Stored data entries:
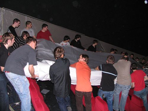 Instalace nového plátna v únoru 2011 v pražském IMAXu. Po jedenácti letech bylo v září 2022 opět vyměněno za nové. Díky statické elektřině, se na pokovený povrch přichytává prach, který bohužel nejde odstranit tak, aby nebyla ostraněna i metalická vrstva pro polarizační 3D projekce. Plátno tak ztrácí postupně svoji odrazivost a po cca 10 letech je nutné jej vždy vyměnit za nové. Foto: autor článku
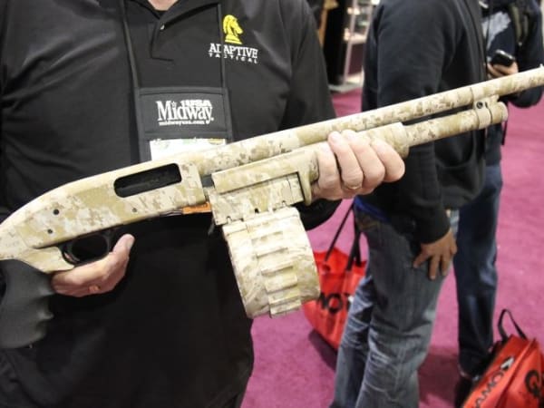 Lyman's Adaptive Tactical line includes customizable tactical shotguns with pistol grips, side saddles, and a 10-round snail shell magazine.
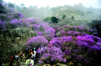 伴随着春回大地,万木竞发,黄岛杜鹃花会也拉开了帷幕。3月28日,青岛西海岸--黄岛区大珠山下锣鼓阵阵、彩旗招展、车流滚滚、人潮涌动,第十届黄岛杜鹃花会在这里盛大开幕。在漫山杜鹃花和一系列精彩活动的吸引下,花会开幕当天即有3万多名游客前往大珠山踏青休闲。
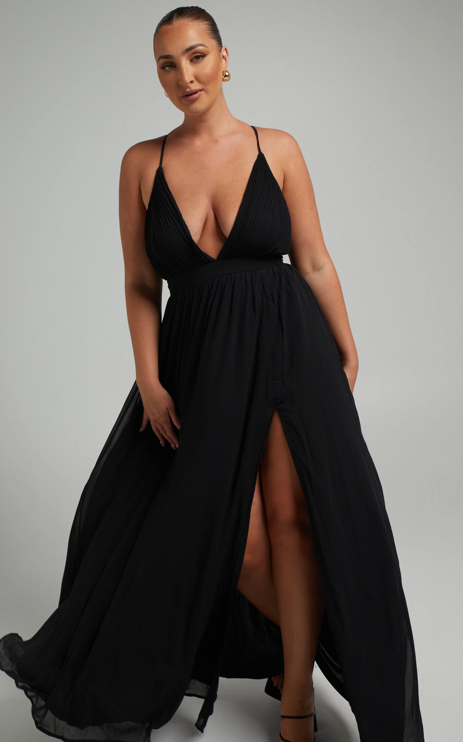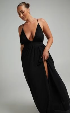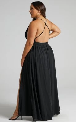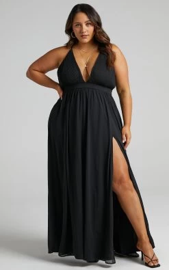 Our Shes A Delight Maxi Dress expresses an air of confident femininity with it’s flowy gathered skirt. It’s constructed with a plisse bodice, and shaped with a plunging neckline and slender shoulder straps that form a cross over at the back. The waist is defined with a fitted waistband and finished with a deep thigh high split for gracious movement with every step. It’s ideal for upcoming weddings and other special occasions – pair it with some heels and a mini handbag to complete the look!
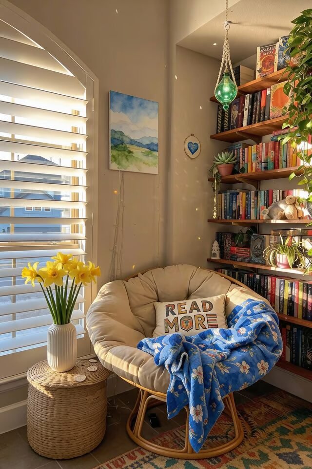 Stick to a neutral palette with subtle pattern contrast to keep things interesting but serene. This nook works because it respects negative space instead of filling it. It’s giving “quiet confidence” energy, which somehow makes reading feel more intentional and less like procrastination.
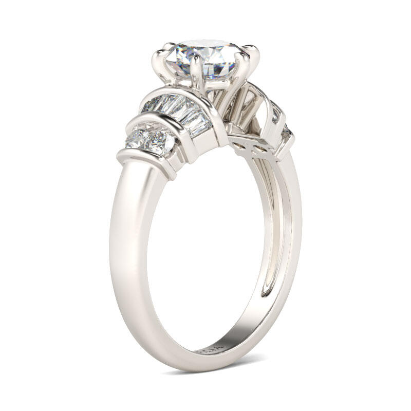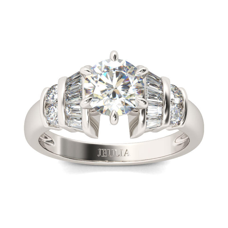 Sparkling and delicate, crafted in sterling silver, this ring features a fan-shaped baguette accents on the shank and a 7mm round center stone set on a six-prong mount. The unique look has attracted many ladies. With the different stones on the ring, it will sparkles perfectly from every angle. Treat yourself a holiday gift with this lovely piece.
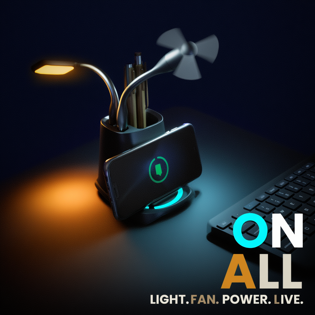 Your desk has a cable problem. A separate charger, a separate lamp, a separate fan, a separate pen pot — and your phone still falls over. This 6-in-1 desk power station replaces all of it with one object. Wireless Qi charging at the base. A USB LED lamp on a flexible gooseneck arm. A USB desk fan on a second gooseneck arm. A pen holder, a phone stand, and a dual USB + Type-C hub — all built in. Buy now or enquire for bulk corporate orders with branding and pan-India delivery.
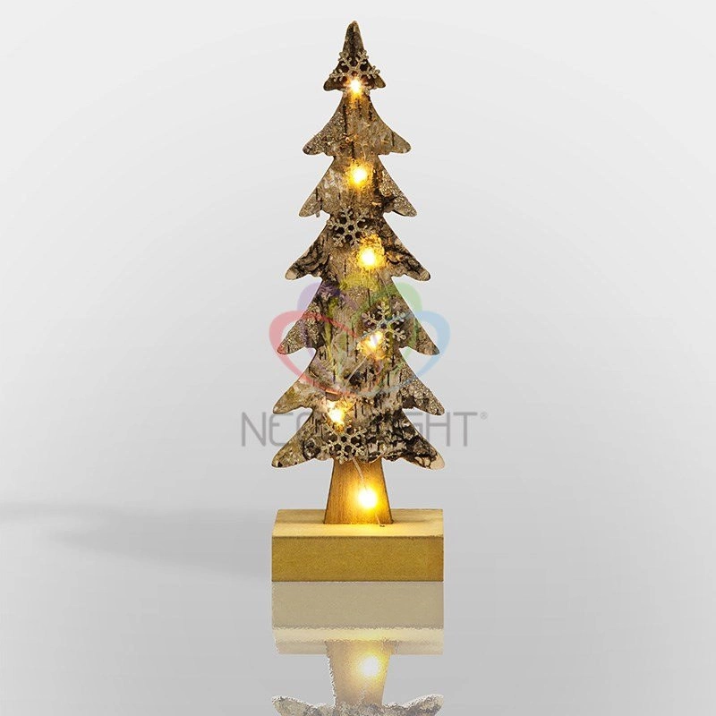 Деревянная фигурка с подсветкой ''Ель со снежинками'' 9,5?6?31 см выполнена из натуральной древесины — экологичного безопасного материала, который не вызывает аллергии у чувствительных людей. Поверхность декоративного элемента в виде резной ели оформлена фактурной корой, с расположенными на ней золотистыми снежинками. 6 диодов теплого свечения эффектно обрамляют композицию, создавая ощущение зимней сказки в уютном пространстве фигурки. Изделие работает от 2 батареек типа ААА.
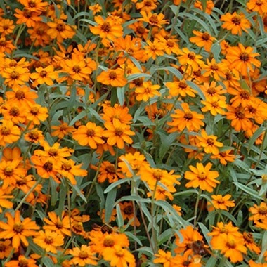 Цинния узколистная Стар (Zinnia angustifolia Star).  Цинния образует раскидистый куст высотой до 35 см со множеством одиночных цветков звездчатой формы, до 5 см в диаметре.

#### Exercise requirements
Every entry must be written out exactly, with all pictures left out.

#### Task response
 Instalace nového plátna v únoru 2011 v pražském IMAXu. Po jedenácti letech bylo v září 2022 opět vyměněno za nové. Díky statické elektřině, se na pokovený povrch přichytává prach, který bohužel nejde odstranit tak, aby nebyla ostraněna i metalická vrstva pro polarizační 3D projekce. Plátno tak ztrácí postupně svoji odrazivost a po cca 10 letech je nutné jej vždy vyměnit za nové. Foto: autor článku
 Lyman's Adaptive Tactical line includes customizable tactical shotguns with pistol grips, side saddles, and a 10-round snail shell magazine.
 伴随着春回大地,万木竞发,黄岛杜鹃花会也拉开了帷幕。3月28日,青岛西海岸--黄岛区大珠山下锣鼓阵阵、彩旗招展、车流滚滚、人潮涌动,第十届黄岛杜鹃花会在这里盛大开幕。在漫山杜鹃花和一系列精彩活动的吸引下,花会开幕当天即有3万多名游客前往大珠山踏青休闲。
 Our Shes A Delight Maxi Dress expresses an air of confident femininity with it’s flowy gathered skirt. It’s constructed with a plisse bodice, and shaped with a plunging neckline and slender shoulder straps that form a cross over at the back. The waist is defined with a fitted waistband and finished with a deep thigh high split for gracious movement with every step. It’s ideal for upcoming weddings and other special occasions – pair it with some heels and a mini handbag to complete the look!
 Stick to a neutral palette with subtle pattern contrast to keep things interesting but serene. This nook works because it respects negative space instead of filling it. It’s giving “quiet confidence” energy, which somehow makes reading feel more intentional and less like procrastination.
 Sparkling and delicate, crafted in sterling silver, this ring features a fan-shaped baguette accents on the shank and a 7mm round center stone set on a six-prong mount. The unique look has attracted many ladies. With the different stones on the ring, it will sparkles perfectly from every angle. Treat yourself a holiday gift with this lovely piece.
 Your desk has a cable problem. A separate charger, a separate lamp, a separate fan, a separate pen pot — and your phone still falls over. This 6-in-1 desk power station replaces all of it with one object. Wireless Qi charging at the base. A USB LED lamp on a flexible gooseneck arm. A USB desk fan on a second gooseneck arm. A pen holder, a phone stand, and a dual USB + Type-C hub — all built in. Buy now or enquire for bulk corporate orders with branding and pan-India delivery.
 Деревянная фигурка с подсветкой ''Ель со снежинками'' 9,5?6?31 см выполнена из натуральной древесины — экологичного безопасного материала, который не вызывает аллергии у чувствительных людей. Поверхность декоративного элемента в виде резной ели оформлена фактурной корой, с расположенными на ней золотистыми снежинками. 6 диодов теплого свечения эффектно обрамляют композицию, создавая ощущение зимней сказки в уютном пространстве фигурки. Изделие работает от 2 батареек типа ААА.
 Цинния узколистная Стар (Zinnia angustifolia Star).  Цинния образует раскидистый куст высотой до 35 см со множеством одиночных цветков звездчатой формы, до 5 см в диаметре.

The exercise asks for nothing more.